WORK REQUIRED – Copy out all of the lines below exactly; the pictures do not belong in the copy.

Recorded data:
────────────────
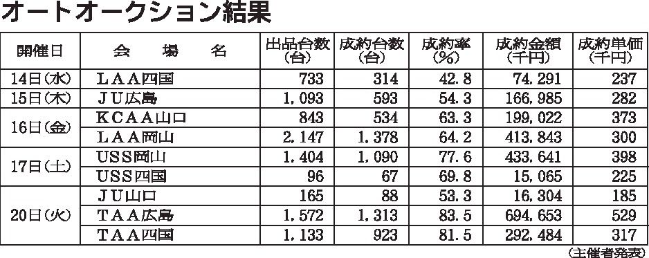 〈オートオークション結果〉中四国地区 2020/10/14~20
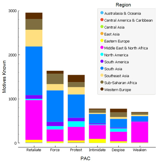 One interpretation of Figure 4 was that among known motives, aims to “retaliate” were nearly four-times more revealed by terrorist responsibility claims than aims to “weaken” the target. This suggests that terrorists were more likely to claim credit for retaliations than to advertise aims to weaken or distract their enemies. Another interesting observation is that PACs were more generally known for attacks in the Middle East, North Africa, and South Asia than for other regions of the world.
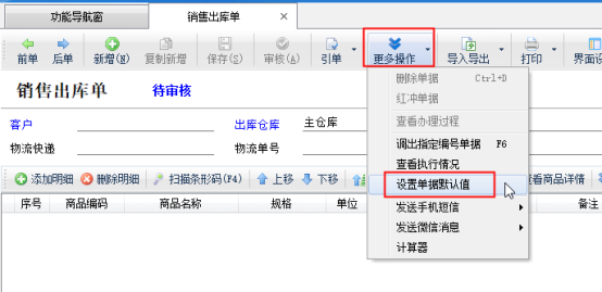 ????登錄軟件,在功能導航窗點“銷售管理”—》“銷售出庫單”,進入新開銷售單界面,如圖2所示,點擊“更多操作”按鈕,點擊“設置單據默認值”,系統彈出“設置單據默認值”窗口,如圖3所示。
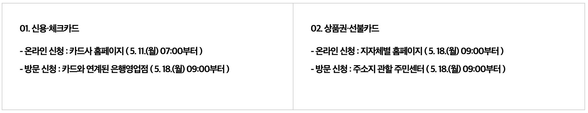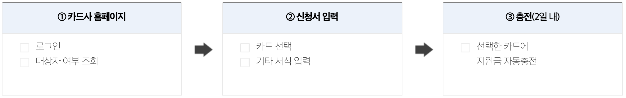 카드사 홈페이지 접속 후 대상자 조회 및 신청서를 입력한 후 신청할 수 있습니다.
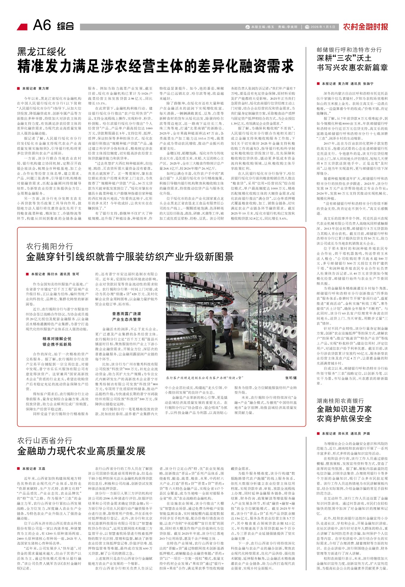 据记者了解,人民银行绥化市分行印发《绥化市金融支持现代农业产业高质量发展实施细则》,引导银行机构将更多信贷资源向农业产业倾斜。
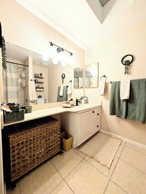 This single-story home has three bedrooms, two full bathrooms, and a layout that gives you both privacy and flexibility. The large primary bedroom has a king-size bed, a big closet, a dresser, and a private bathroom with a walk-in shower. There's also a bonus space attached to the primary, great for a work-from-home setup or just a quiet corner to yourself. The two other bedrooms each have queen-size beds, dressers and closets, and one includes a mounted TV.
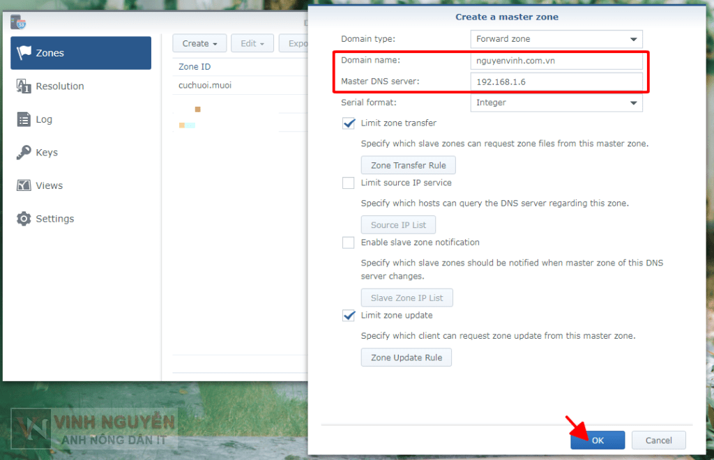 - Master DNS server: Nhập luôn IP NAS trong mạng Lan của bạn.
────────────────
SOLVED EXERCISE –
 〈オートオークション結果〉中四国地区 2020/10/14~20
 One interpretation of Figure 4 was that among known motives, aims to “retaliate” were nearly four-times more revealed by terrorist responsibility claims than aims to “weaken” the target. This suggests that terrorists were more likely to claim credit for retaliations than to advertise aims to weaken or distract their enemies. Another interesting observation is that PACs were more generally known for attacks in the Middle East, North Africa, and South Asia than for other regions of the world.
 ????登錄軟件,在功能導航窗點“銷售管理”—》“銷售出庫單”,進入新開銷售單界面,如圖2所示,點擊“更多操作”按鈕,點擊“設置單據默認值”,系統彈出“設置單據默認值”窗口,如圖3所示。
 카드사 홈페이지 접속 후 대상자 조회 및 신청서를 입력한 후 신청할 수 있습니다.
 据记者了解,人民银行绥化市分行印发《绥化市金融支持现代农业产业高质量发展实施细则》,引导银行机构将更多信贷资源向农业产业倾斜。
 This single-story home has three bedrooms, two full bathrooms, and a layout that gives you both privacy and flexibility. The large primary bedroom has a king-size bed, a big closet, a dresser, and a private bathroom with a walk-in shower. There's also a bonus space attached to the primary, great for a work-from-home setup or just a quiet corner to yourself. The two other bedrooms each have queen-size beds, dressers and closets, and one includes a mounted TV.
 - Master DNS server: Nhập luôn IP NAS trong mạng Lan của bạn.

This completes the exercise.